The $64 million question, "what's the solution?" Naima M'Faddel, a civic official from Dreux, suggests completely doing away with these designations (lexpress.fr; June 4, 2017; date accessed July 24, 2018). In a 2016 with L'Express, she said, It has resulted in too many perverse effects (Ibid). Patrick Simon, a researcher at INED, believes that politique de la ville "needs to refocus on its original intent--to help people gain access to opportunities, rather than to simply alter the physical attributes of the space live in." Mr Kirszbaum, a sociologist, also stressed the importance of empowering the communities and paying attention to conversations taking place (bindyblog.fr; date accessed July 24, 2018). Out these recommendations, a theme emerges: "any workable solution needs to address people, not just the place. And if officials are making policy decisions without listening to what the banlieue residents want and need, then, there is litt,e chance they are going to succeed in tailoring their solutions."

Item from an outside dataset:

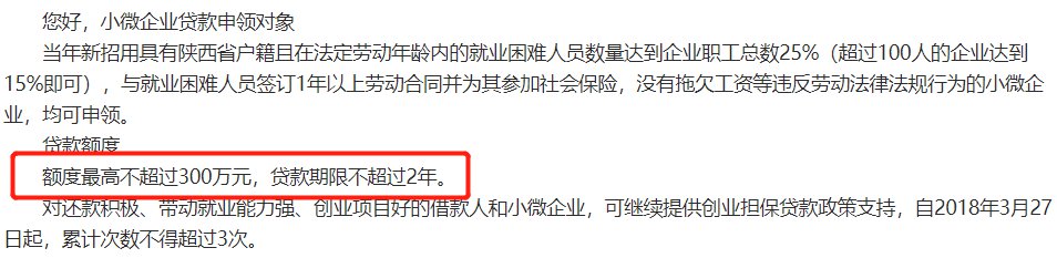 回答:西安小微企业创业贷款期限为2年时间。对还款积极、带动就业能力强、创业项目好的借款人和小微企业,可继续提供创业担保贷款政策支持,自2018年3月27日起,累计次数不得超过3次。

Recently, President Emanuel Macron announced a "new approach"(lemonde.fr; Nov. 13, 2017; date accessed July 24, 2018) to politique de la ville, which included doubling funds for urban renewal programs. Ms. Driria is not impressed by President Macron's promises. She said, "If the French government were really sincere about helping, it would acknowledge it own role in creating the banlieue; take responsibility for [arteeast.org; Fall 2017; date accessed July 24, 2018] colonialism and slavery and understand how the legacies of these action persist in the way these urban spaces are policed today." Although Paris recently expanded its physical boundaries (citylab.com; July 29, 2013; date accessed July 24, 2018) to incorporate many of the suburban jurisdictions, Ms. Drira said that the "city has yet to fold the residents of these spaces into its imagined community [en.m.wikipedia.org; date accessed July 24, 2018]--into France's idea of itself." It needs to acknowledge the banlieues are the other, they are othered by the state. She said,
They keep blaming the problems [of these neighborhoods] on us,... and yet, it's they who are not making an effort.